We can think of threadLocalRandomProbe as a Hash value (not zero) for each Thread that can be used as an eigenvalue for a Thread based on which the Thread can find a specific location in the array.
static final int getProbe(a) {
return UNSAFE.getInt(Thread.currentThread(), PROBE);
}
Copy the code
Take a look at a code snippet:
CounterCell[] as; long b, s;
if((as = counterCells) ! =null| |! U.compareAndSwapLong(this, BASECOUNT, b = baseCount, s = b + x)) {
CounterCell a; long v; int m;
boolean uncontended = true;
if (as == null || (m = as.length - 1) < 0 ||
Use probe to find a position in array AS for each thread
// Since each thread has a different probe value, there is a high probability that the elements in the array corresponding to each thread are also different
// Each thread corresponds to a different element, so that full concurrent operations can be performed without conflict
// Therefore, the probe here plays a role in preventing conflicts
(a = as[ThreadLocalRandom.getProbe() & m]) == null| |! (uncontended = U.compareAndSwapLong(a, CELLVALUE, v = a.value, v + x))) {Copy the code
In the concrete implementation, if a clash between the above code, so, you can also use ThreadLocalRandom. AdvanceProbe () method to modify a thread probe value, so that we can further to avoid possible future conflicts, thereby reducing competition, improve the concurrency performance.
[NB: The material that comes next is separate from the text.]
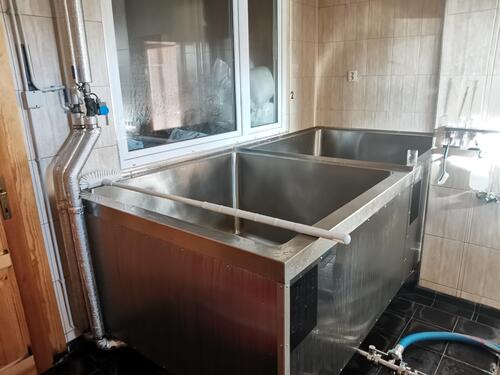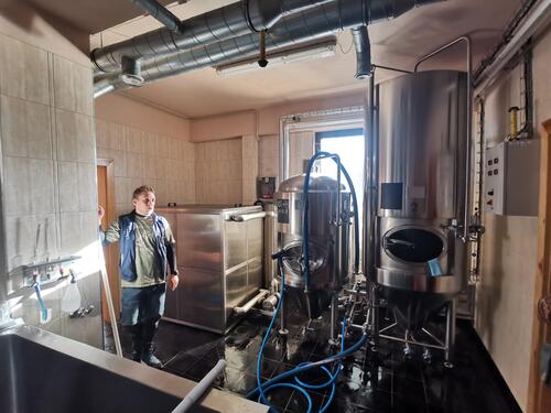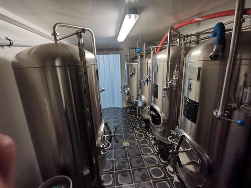 W następnym pomieszczeniu stoją dwie otwarte kadzie ( 1000 l.) zbiornik na wodę, oraz dwa tankofermentatory. Pozostała część browaru znajduje się w piwnicy 4 x 500 l. i 4 x 1000 l.

static final int advanceProbe(int probe) {
// Calculate an updated probe value based on the current probe value
probe ^= probe << 13; // xorshift
probe ^= probe >>> 17;
probe ^= probe << 5;
// Updating the probe value to the thread object modifies the threadLocalRandomProbe variable
UNSAFE.putInt(Thread.currentThread(), PROBE, probe);
return probe;
}
Copy the code
conclusion
Today, we introduced the ThreadLocalRandom object, a high-performance random number generator in a high-concurrency environment.
Not only did we introduce the functionality and internal implementation principles of ThreadLocalRandom, we also introduced how ThreadLocalRandom objects achieve high performance (e.g. through pseudo-sharing, Unsafe, etc.), we hope you can apply these techniques to your projects.
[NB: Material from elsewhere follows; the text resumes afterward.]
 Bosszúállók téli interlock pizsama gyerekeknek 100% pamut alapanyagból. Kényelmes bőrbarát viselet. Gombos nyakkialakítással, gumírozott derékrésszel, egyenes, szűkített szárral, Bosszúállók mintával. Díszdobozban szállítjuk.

Do the little fools have a deeper understanding of this underdog? Take a wave in the comments section: Get Stronger
I’m Aobing, and the more you know, the more you don’t know, and I’ll see you next time.
This article is constantly updated. You can search “Santaizi Aobing” on wechat and read it for the first time. Reply [Information] There are the interview materials and resume templates for first-line big factories prepared by me.